Затем последовали другие важные события.
Аркадий Натанович ушел из «Детгиза» — на «вольные хлеба».
Теперь, «на досуге», он закончил перевод фантастического романа Кобо Абэ «Четвертый ледниковый период», а летом 1965 года перевел еще роман Джона Уиндема «День триффидов».
Ну а Борис Натанович переехал в кооперативную квартиру на улице Победы, где живет и поныне. Здесь, в новой квартире, можно было с новой силой отдаться давней, непреходящей и чудесной страсти — филателии.
«О, марочки мои, марочушечки! — признавался Борис Натанович (письмо Г. Прашкевичу, 8.XII.2010). — Я филателист-тиффози с 1948 года (когда попал мне в руки только что вышедший, новейший каталог марок СССР — лучший из всех каталогов того времени).

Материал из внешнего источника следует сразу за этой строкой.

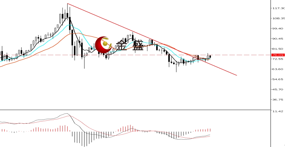 前一个交易日,早盘时段,受避险情绪降温,白银一小时飙升逾三美金,午后涨势减缓,价格创当日高点77.59美元。晚盘时段,美伊局势再度生变,白银连续阴线下挫,多头回吐部分涨幅,最终收有上影线的阳K。均线系统收敛走平,价格围绕其震荡。MACD指标快慢线零轴下方现金叉,做多的动能为主。白银震荡偏反弹,价格突破图示的压力线。昨日行情先涨后调,盘中刺破上周高点有回落,可见76美元上方有压力。行情或重新进入震荡格局,操作上高抛低吸。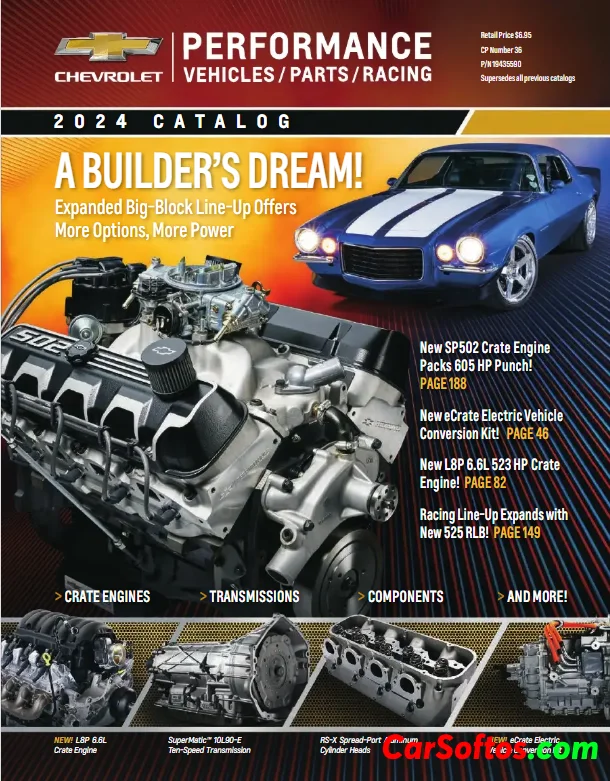 This catalog from Chevrolet Performance provides information on crate engines, transmissions, components and other products. It highlights several new offerings for 2023 including the new SP502/605 Deluxe crate engine, L8P 6.6L crate engine, 525 RLB racing crate engine, and eCrate electric vehicle conversion kit. The catalog contains specifications, features and pricing information for a wide range of performance parts and is intended for racing, off-road and other non-street applications.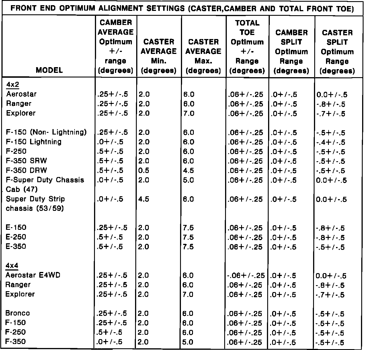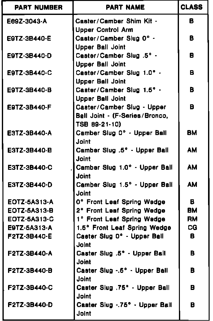 If light truck Service Manual diagnostics indicate the need for front alignment adjustment, use the optimum alignment settings and caster/camber adjustment parts list provided in this TSB Article. Refer to the appropriate light truck Service Manual, Section 04-00 for service details.

С тех пор чего я только не собирал: и „Космос“, и английские колонии с Англией вместе (жалкая попытка — такое под силу только Королевскому Дому), и „первые серии стран мира“, и „1942“, и Боснию-Герцеговину, и Россию, и — почти все это время — СССР, СССР, СССР — „советы“… Последние десять лет, постарев и остепенившись, прочно и навсегда остановился на теме „Почта РСФСР. 1917–1923“. Письма, открытки, бандероли того времени, почти бесконечное разнообразие тарифов, инфляционных переоценок, тщательно изученный великими предшественниками и тем не менее таящий новые и новые открытия, открытьица, неожиданности и нюансы мир. Мир, куда можно нырнуть с головой. Где ты — все: и Колумб, и Петр, и Билл Гейтс в одном лице.
О марочки вы мои, марочушечки! Только вы одни мне никогда не измените!»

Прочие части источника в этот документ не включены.